B-STILL: Evolutionary stasis constraints#
Method Summary#
B-STILL (Bayesian Significance Test of Invariant Low Likelihoods) is a hierarchical Bayesian framework designed to map extreme purifying selection at invariant (unchanging) sites in protein-coding genomes.
Standard phylogenetic tools rely on amino acid and nucleotide variation to estimate evolutionary rates. Consequently, whenever a site is completely invariant across an alignment, these tools face a resolution gap.

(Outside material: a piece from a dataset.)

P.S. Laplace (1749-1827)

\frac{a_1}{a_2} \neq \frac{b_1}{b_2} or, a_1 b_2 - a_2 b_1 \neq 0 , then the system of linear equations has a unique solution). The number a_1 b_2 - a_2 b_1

They cannot distinguish between: 1. Stochastic Stasis: The site has not mutated simply due to chance or low divergence. 2. Functional Constraint: The site is biologically incapable of tolerating mutations.
B-STILL solves this by estimating a site-specific "stasis radius" and calibrating it against the gene's overall evolutionary rate and tree-level mutational opportunities. It identifies statistically anomalous invariant sites, labeling them as Evolutionary Stasis Anchors (ESAs).
What It Does#
- Identifies Stasis Anchors: Maps sites where mutations are actively suppressed, revealing deep purifying selection.
- Tackles Invariant Resolution Gap: Computes the probability that a site's invariance is driven by biological constraint rather than a lack of evolutionary time.
- Scalable to Large Alignments: Operates efficiently on coding alignments containing thousands of sequences, making it suitable for modern genomic datasets.
How to Use It in HyPhy#
B-STILL is implemented in HyPhy and can be executed via HBL scripts:
- Prepare Input: You need a coding sequence alignment and a corresponding phylogenetic tree.
- Run the Analysis:
Execute the B-STILL script in HyPhy:
bash hyphy bstill --alignment data.fas --tree tree.nwk - Analyze Outputs: The output JSON provides site-specific Bayes factors and probabilities. Sites with high significance support are flagged as Evolutionary Stasis Anchors (ESAs).
Key Findings & Significance#
- Biological Fitness Predictor: Validation against clinical databases and pathogen experimental datasets confirms that ESAs are strong predictors of viral fitness and clinical disease potential.
- Footprints Protein Domains: Automatically maps and footprints functional protein domains and currently uncharacterized structural motifs in mammalian and viral genomes.
- Transforms Formerly Ignored Data: Salvages invariant sites—traditionally discarded or treated as background noise in phylogenetic trees—into useful markers of extreme purifying selection.